Dataset excerpts
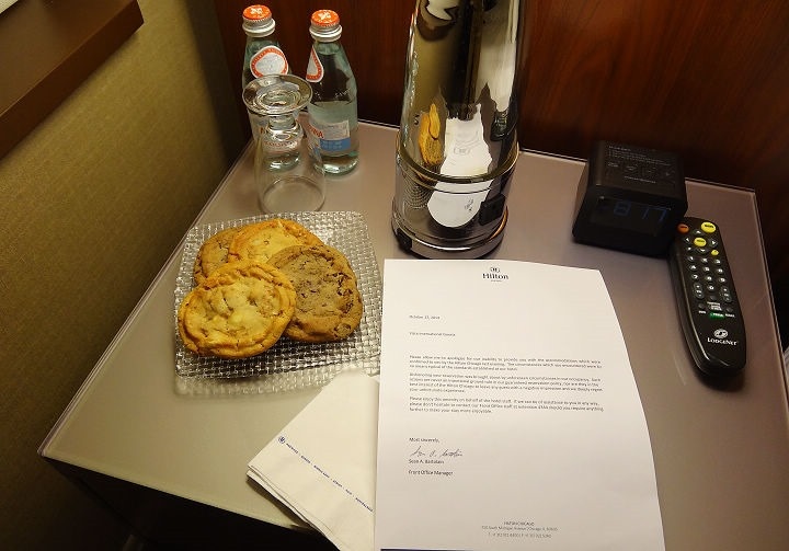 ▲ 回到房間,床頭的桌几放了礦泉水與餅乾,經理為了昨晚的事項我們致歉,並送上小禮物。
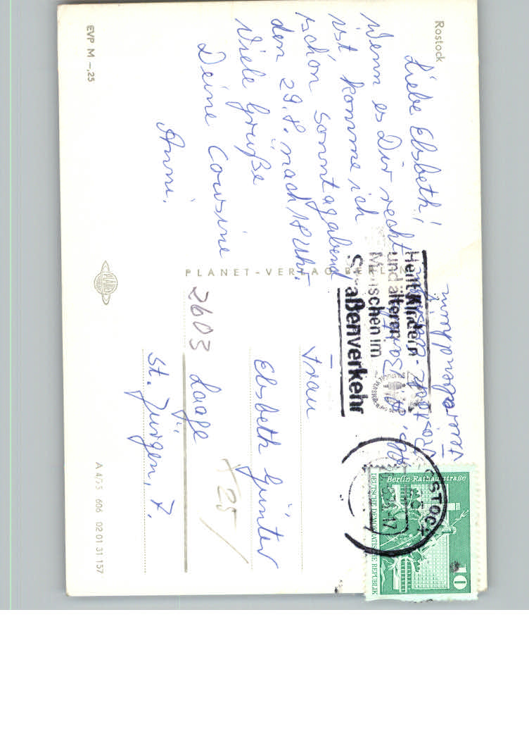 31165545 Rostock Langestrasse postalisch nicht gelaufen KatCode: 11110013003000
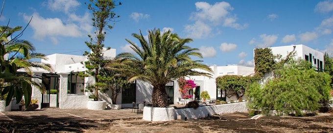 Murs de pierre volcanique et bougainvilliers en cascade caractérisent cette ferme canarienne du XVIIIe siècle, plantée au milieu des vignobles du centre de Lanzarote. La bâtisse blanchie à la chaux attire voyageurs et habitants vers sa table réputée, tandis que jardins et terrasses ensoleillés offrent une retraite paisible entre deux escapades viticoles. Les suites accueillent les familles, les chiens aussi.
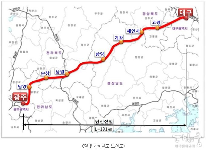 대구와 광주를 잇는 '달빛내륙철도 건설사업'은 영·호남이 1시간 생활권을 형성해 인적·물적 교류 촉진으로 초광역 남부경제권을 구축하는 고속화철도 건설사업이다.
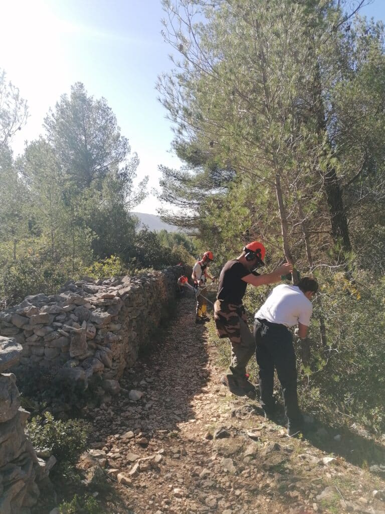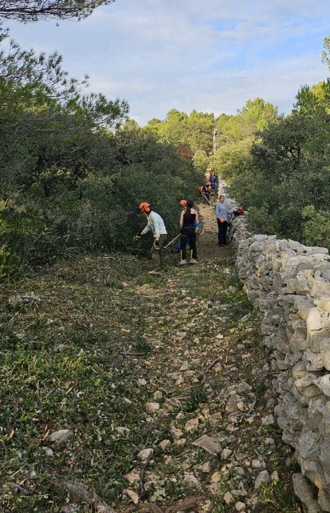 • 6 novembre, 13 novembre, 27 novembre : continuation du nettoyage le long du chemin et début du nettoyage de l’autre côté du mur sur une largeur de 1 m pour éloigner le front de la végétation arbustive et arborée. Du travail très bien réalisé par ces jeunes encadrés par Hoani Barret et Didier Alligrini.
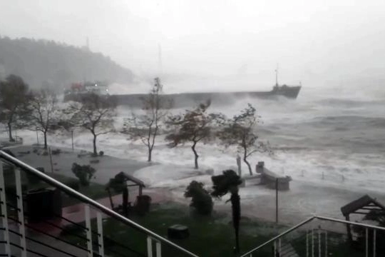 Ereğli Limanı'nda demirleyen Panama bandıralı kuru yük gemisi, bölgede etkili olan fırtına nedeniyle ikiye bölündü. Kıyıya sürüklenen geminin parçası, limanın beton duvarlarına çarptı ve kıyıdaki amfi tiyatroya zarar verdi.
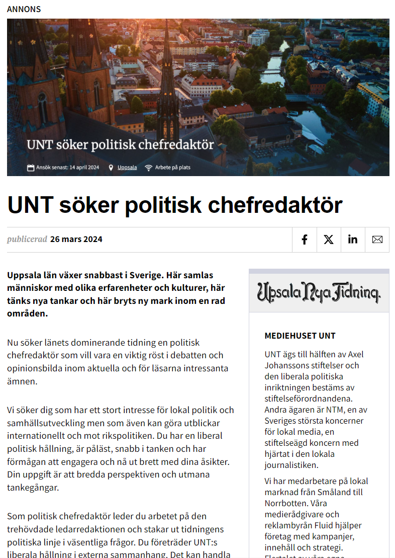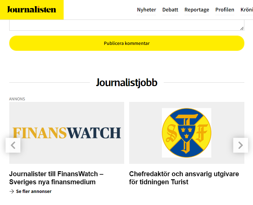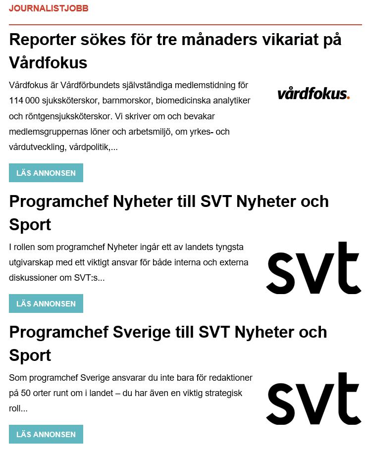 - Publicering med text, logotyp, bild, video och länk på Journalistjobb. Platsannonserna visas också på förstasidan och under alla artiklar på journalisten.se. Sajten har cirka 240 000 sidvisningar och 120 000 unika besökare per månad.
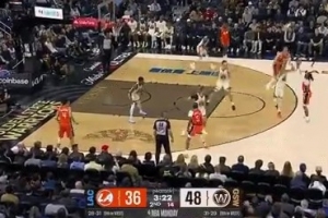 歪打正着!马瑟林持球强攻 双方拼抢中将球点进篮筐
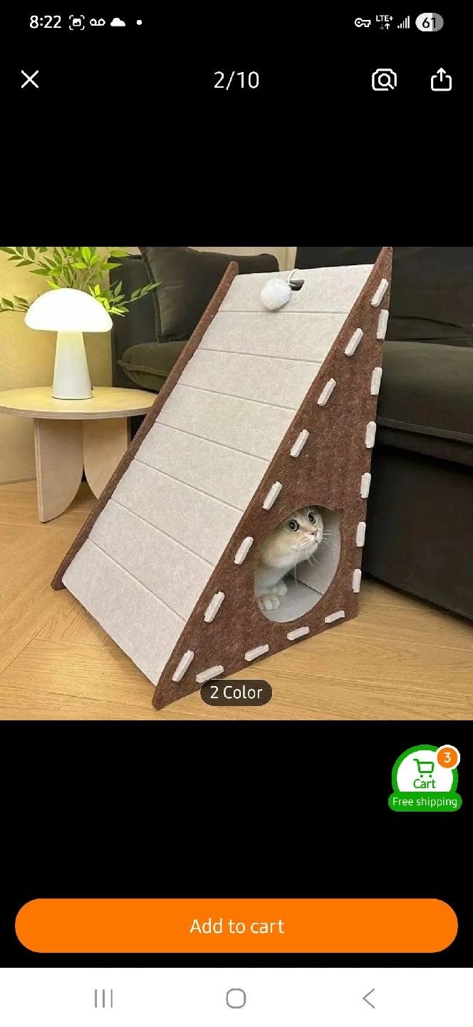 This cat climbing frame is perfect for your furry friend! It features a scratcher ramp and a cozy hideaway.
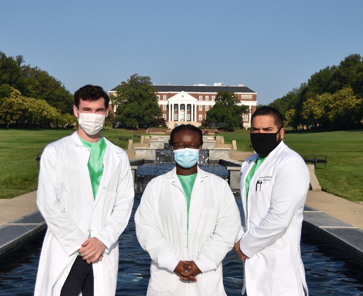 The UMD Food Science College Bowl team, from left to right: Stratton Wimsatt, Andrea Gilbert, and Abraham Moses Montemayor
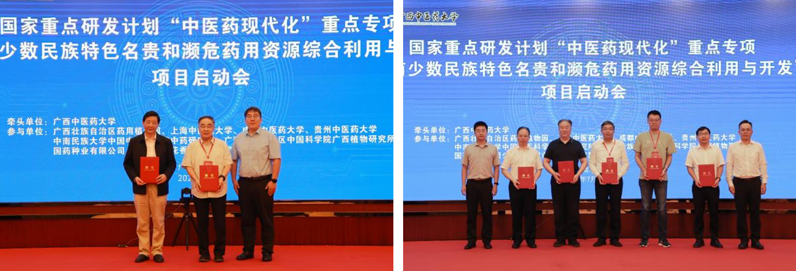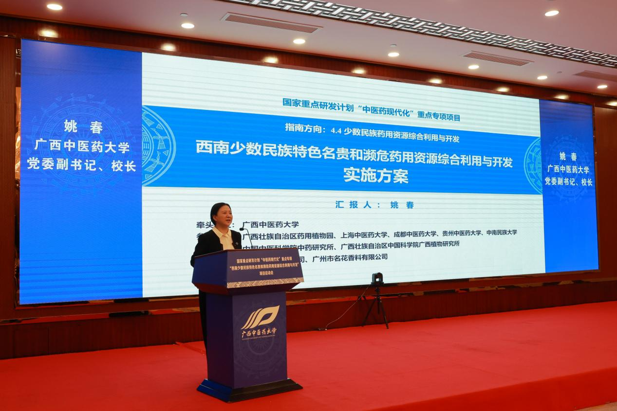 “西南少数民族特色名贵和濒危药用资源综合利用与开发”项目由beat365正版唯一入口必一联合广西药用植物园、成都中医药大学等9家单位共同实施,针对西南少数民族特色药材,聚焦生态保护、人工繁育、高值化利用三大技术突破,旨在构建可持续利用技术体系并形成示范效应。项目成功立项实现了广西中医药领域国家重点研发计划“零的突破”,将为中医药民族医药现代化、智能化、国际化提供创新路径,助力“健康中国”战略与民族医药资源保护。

▸ PROMPT
Excluding the images, return each record above precisely as written.

▸ WRITTEN SOLUTION
 ▲ 回到房間,床頭的桌几放了礦泉水與餅乾,經理為了昨晚的事項我們致歉,並送上小禮物。
 31165545 Rostock Langestrasse postalisch nicht gelaufen KatCode: 11110013003000
 Murs de pierre volcanique et bougainvilliers en cascade caractérisent cette ferme canarienne du XVIIIe siècle, plantée au milieu des vignobles du centre de Lanzarote. La bâtisse blanchie à la chaux attire voyageurs et habitants vers sa table réputée, tandis que jardins et terrasses ensoleillés offrent une retraite paisible entre deux escapades viticoles. Les suites accueillent les familles, les chiens aussi.
 대구와 광주를 잇는 '달빛내륙철도 건설사업'은 영·호남이 1시간 생활권을 형성해 인적·물적 교류 촉진으로 초광역 남부경제권을 구축하는 고속화철도 건설사업이다.
 • 6 novembre, 13 novembre, 27 novembre : continuation du nettoyage le long du chemin et début du nettoyage de l’autre côté du mur sur une largeur de 1 m pour éloigner le front de la végétation arbustive et arborée. Du travail très bien réalisé par ces jeunes encadrés par Hoani Barret et Didier Alligrini.
 Ereğli Limanı'nda demirleyen Panama bandıralı kuru yük gemisi, bölgede etkili olan fırtına nedeniyle ikiye bölündü. Kıyıya sürüklenen geminin parçası, limanın beton duvarlarına çarptı ve kıyıdaki amfi tiyatroya zarar verdi.
 - Publicering med text, logotyp, bild, video och länk på Journalistjobb. Platsannonserna visas också på förstasidan och under alla artiklar på journalisten.se. Sajten har cirka 240 000 sidvisningar och 120 000 unika besökare per månad.
 歪打正着!马瑟林持球强攻 双方拼抢中将球点进篮筐
 This cat climbing frame is perfect for your furry friend! It features a scratcher ramp and a cozy hideaway.
 The UMD Food Science College Bowl team, from left to right: Stratton Wimsatt, Andrea Gilbert, and Abraham Moses Montemayor
 “西南少数民族特色名贵和濒危药用资源综合利用与开发”项目由beat365正版唯一入口必一联合广西药用植物园、成都中医药大学等9家单位共同实施,针对西南少数民族特色药材,聚焦生态保护、人工繁育、高值化利用三大技术突破,旨在构建可持续利用技术体系并形成示范效应。项目成功立项实现了广西中医药领域国家重点研发计划“零的突破”,将为中医药民族医药现代化、智能化、国际化提供创新路径,助力“健康中国”战略与民族医药资源保护。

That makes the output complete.